--- START ---
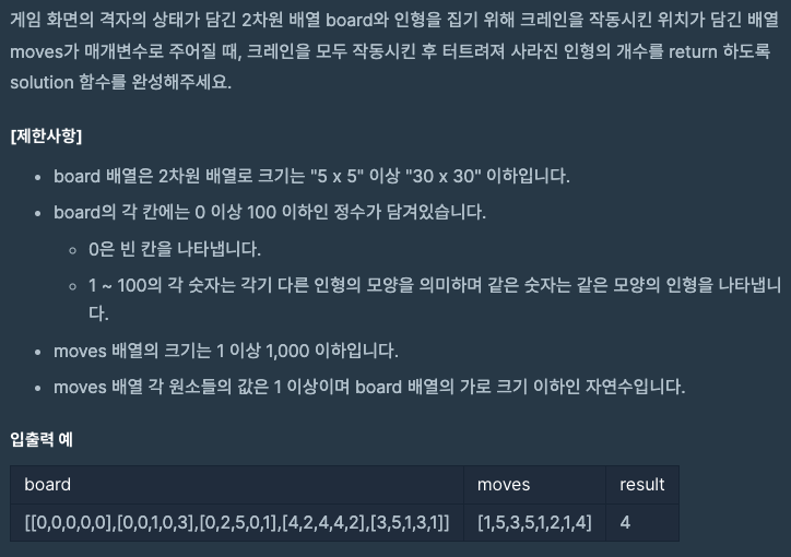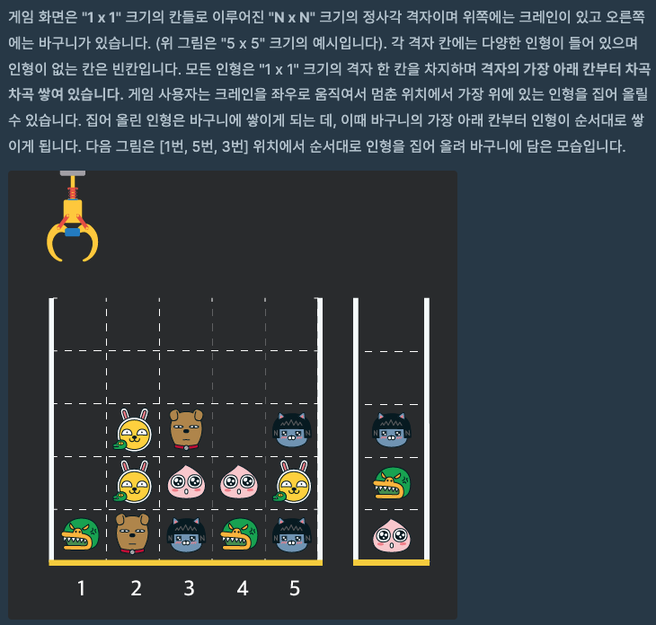 [프로그래머스] 2019 카카오 개발자 겨울 인턴십 | 크레인 인형뽑기 게임 본문
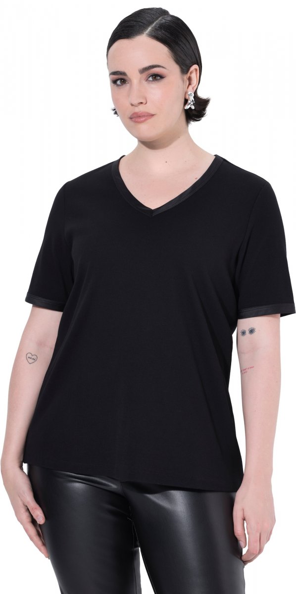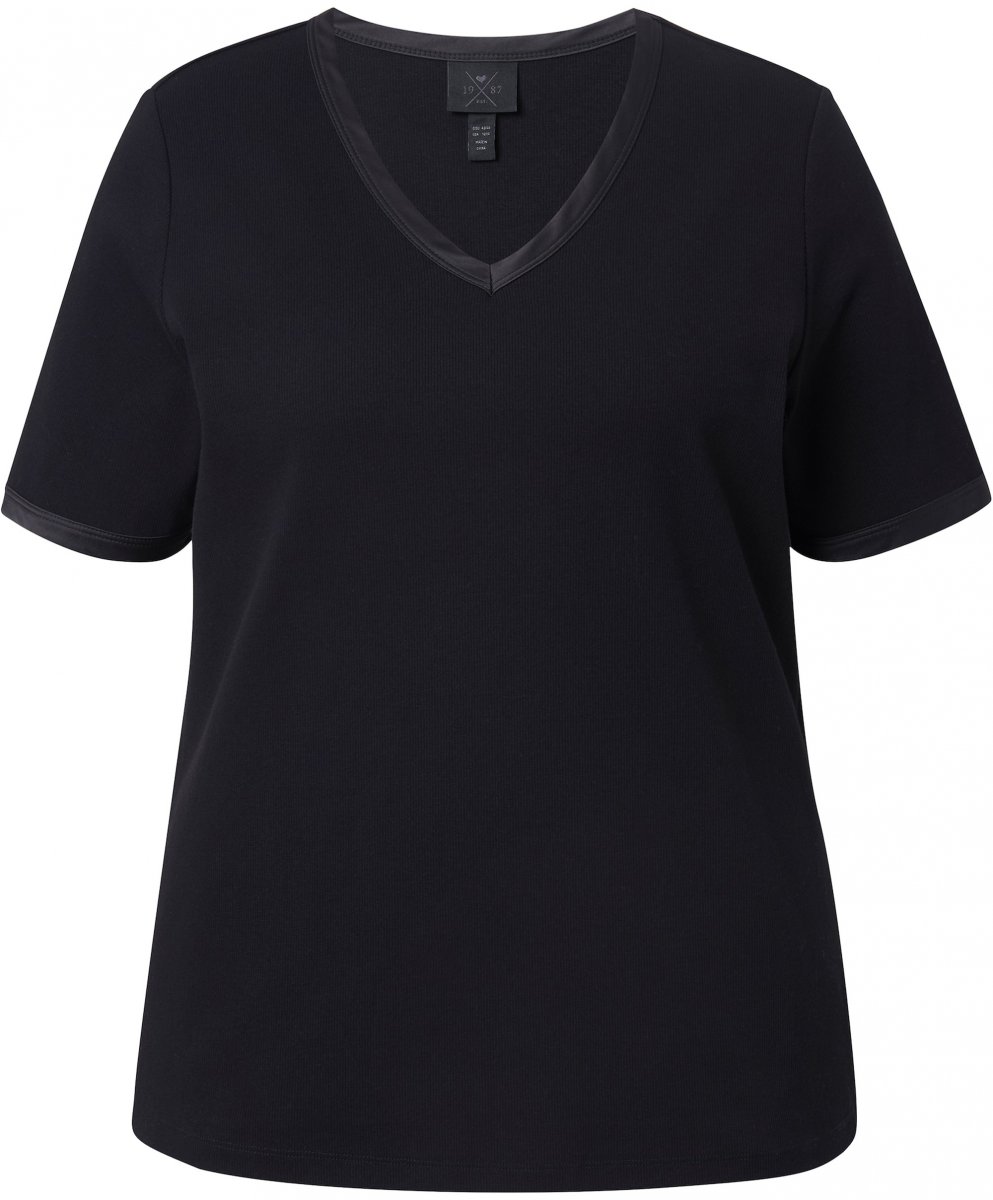 Dydžių vadovas - Ulla Popken Satin Trimmed Ribbed Jersey Short Sleeve T-Shirt Black
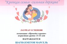 Подведены итоги муниципального этапа Республиканского конкурса «Крепкая семья – сильная держава». Участие принял ученик 7п класса Шагиахметов Марсель в номинации «Проводы в армию» и стал лауреатом 1 степени. Руководитель Сахабетдинова Л.А.«Көчле гаилә – көчле держава» республика конкурсының муниципаль этабына нәтиҗәләр ясалды. 7 п сыйныфы укучысы Шаһиәхмәтов Марсель «Армиягә озатулар» номинациясендә катнашты һәм 1 дәрәҗә лауреат дипломына лаек булды. Җитәкчесе: Сәхабетдинова Л. А. -
--- END ---
*Your task*
Reprint all the data above verbatim, excluding pictures.

*Task result*
 [프로그래머스] 2019 카카오 개발자 겨울 인턴십 | 크레인 인형뽑기 게임 본문
 Dydžių vadovas - Ulla Popken Satin Trimmed Ribbed Jersey Short Sleeve T-Shirt Black
 Подведены итоги муниципального этапа Республиканского конкурса «Крепкая семья – сильная держава». Участие принял ученик 7п класса Шагиахметов Марсель в номинации «Проводы в армию» и стал лауреатом 1 степени. Руководитель Сахабетдинова Л.А.«Көчле гаилә – көчле держава» республика конкурсының муниципаль этабына нәтиҗәләр ясалды. 7 п сыйныфы укучысы Шаһиәхмәтов Марсель «Армиягә озатулар» номинациясендә катнашты һәм 1 дәрәҗә лауреат дипломына лаек булды. Җитәкчесе: Сәхабетдинова Л. А. -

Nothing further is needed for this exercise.